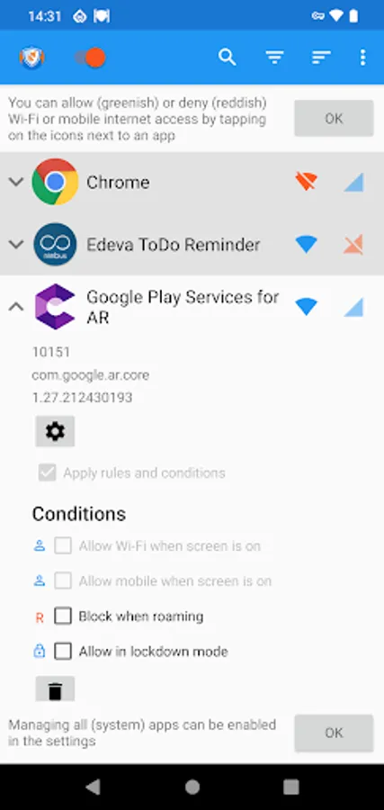 Applications and addresses can individually be allowed or denied access to your Wi-Fi and/or mobile connection.
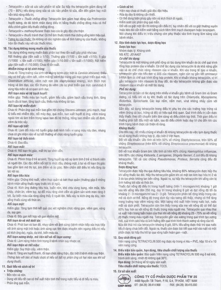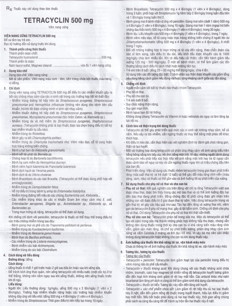 - Tetracyclin 500 mg X 4 lần/ngày (1 viên X 4 lần/ngày), dùng trong 3 tuần.
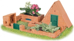 Beleef hoe echte bouwers werken: roer de mortel aan, smeer de bakstenen in, bouw een huis of kasteel, laat het weken, droog het – en je kunt opnieuw bouwen. De bouwset met echte bakstenen die met maïsmortel worden verbonden traint niet alleen de fijne motoriek, maar stimuleert ook de creativiteit van kinderen.
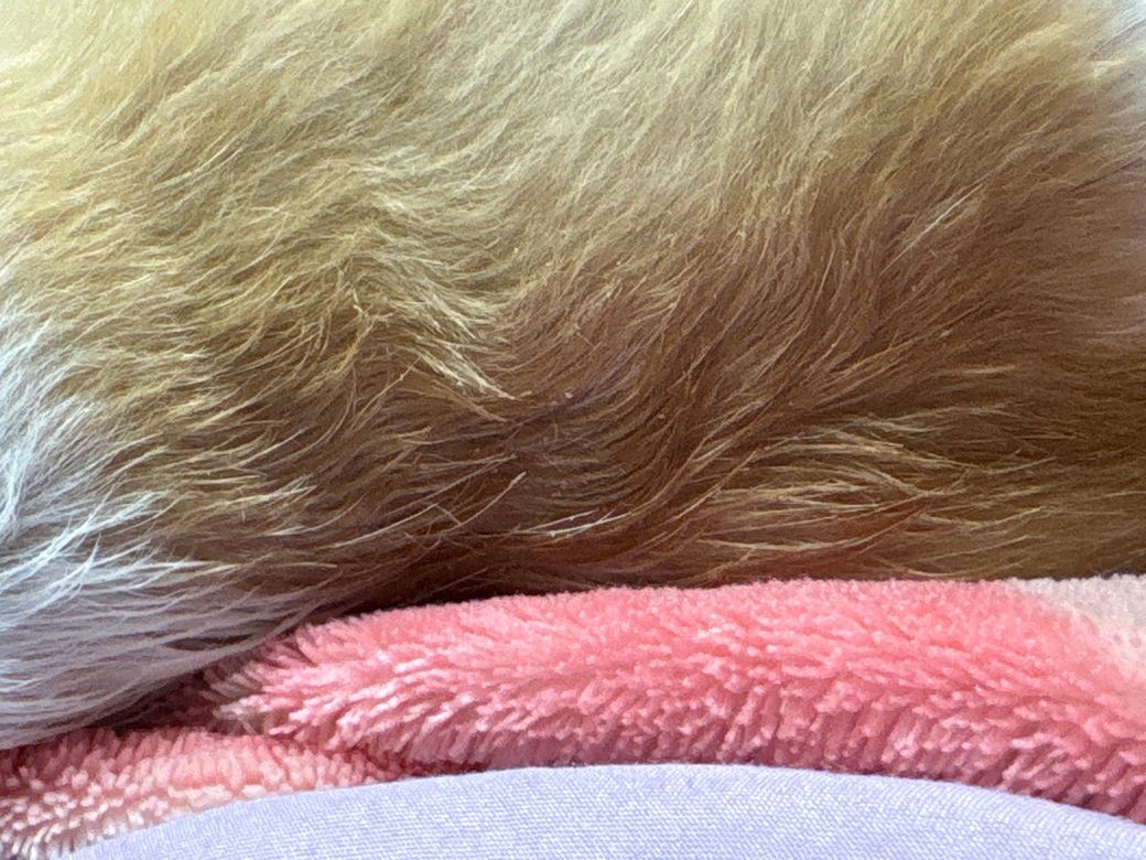 강아지 외부구충제약 리펠로액을 발라줬어요 저번에는 하얀가루가 보이지 않았는데 오늘 2회차 발라주고 시간이 좀 지나니깐 막 이렇게 하얀가루들이 일어났는데 왜그런건가요...?
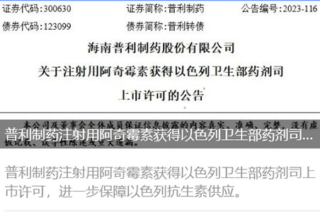 永利3044集团官网注射用阿奇霉素获得以色列卫生部药剂司上市许可
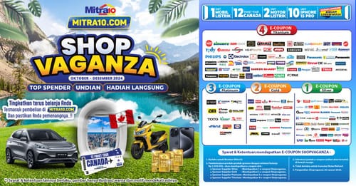 Hadiah grand prize untuk pelanggan setia Mitra10 meliputi 12 paket wisata ke Kanada, 1 unit mobil listrik, 2 unit motor listrik, 10 unit iPhone Pro, ribuan logam mulia 1 gram, serta voucher belanja yang membuat pengalaman belanja di Mitra10 semakin menguntungkan. Untuk informasi lebih lanjut mengenai syarat dan ketentuan Shopvaganza 2024, kunjungi situs resmi Mitra10 di link berikut atau chat Contact Center 0878 0002 1010.
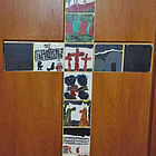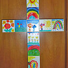Der Vater eines Kindergottesdienstkindes baute ein großes Kreuz, auf das die Fliesen mit den dunklen Farben auf der einen Seite und die mit der hellen Farbe auf der anderen Seite aufgeklebt wurden.
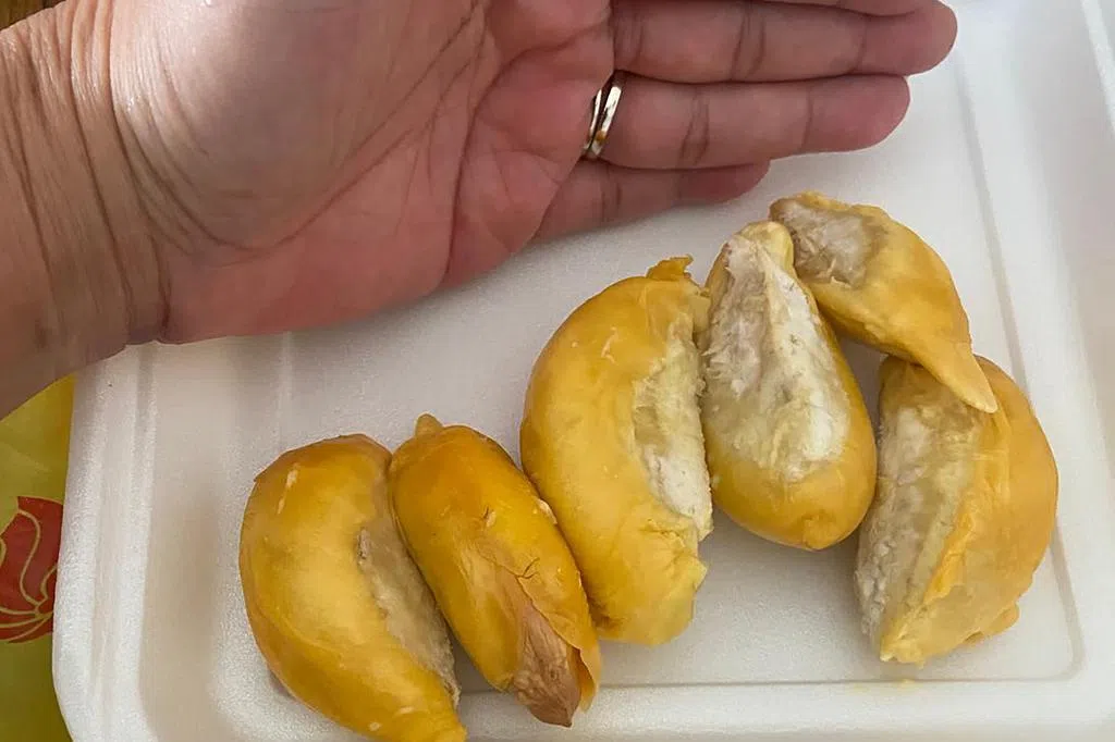 “12元一公斤的是B果的猫山王,我们特地用比较贵的彭亨榴梿做促销。A级的则是20元一公斤,品质更高。上一批榴梿受天气影响问题较多,现在这批,什么品种都好吃。”
+++++
=== Work item ===
Repeat the listing exactly; do not print any picture.

=== Expected answer ===
 Applications and addresses can individually be allowed or denied access to your Wi-Fi and/or mobile connection.
 - Tetracyclin 500 mg X 4 lần/ngày (1 viên X 4 lần/ngày), dùng trong 3 tuần.
 Beleef hoe echte bouwers werken: roer de mortel aan, smeer de bakstenen in, bouw een huis of kasteel, laat het weken, droog het – en je kunt opnieuw bouwen. De bouwset met echte bakstenen die met maïsmortel worden verbonden traint niet alleen de fijne motoriek, maar stimuleert ook de creativiteit van kinderen.
 강아지 외부구충제약 리펠로액을 발라줬어요 저번에는 하얀가루가 보이지 않았는데 오늘 2회차 발라주고 시간이 좀 지나니깐 막 이렇게 하얀가루들이 일어났는데 왜그런건가요...?
 永利3044集团官网注射用阿奇霉素获得以色列卫生部药剂司上市许可
 Hadiah grand prize untuk pelanggan setia Mitra10 meliputi 12 paket wisata ke Kanada, 1 unit mobil listrik, 2 unit motor listrik, 10 unit iPhone Pro, ribuan logam mulia 1 gram, serta voucher belanja yang membuat pengalaman belanja di Mitra10 semakin menguntungkan. Untuk informasi lebih lanjut mengenai syarat dan ketentuan Shopvaganza 2024, kunjungi situs resmi Mitra10 di link berikut atau chat Contact Center 0878 0002 1010.
Der Vater eines Kindergottesdienstkindes baute ein großes Kreuz, auf das die Fliesen mit den dunklen Farben auf der einen Seite und die mit der hellen Farbe auf der anderen Seite aufgeklebt wurden.
 “12元一公斤的是B果的猫山王,我们特地用比较贵的彭亨榴梿做促销。A级的则是20元一公斤,品质更高。上一批榴梿受天气影响问题较多,现在这批,什么品种都好吃。”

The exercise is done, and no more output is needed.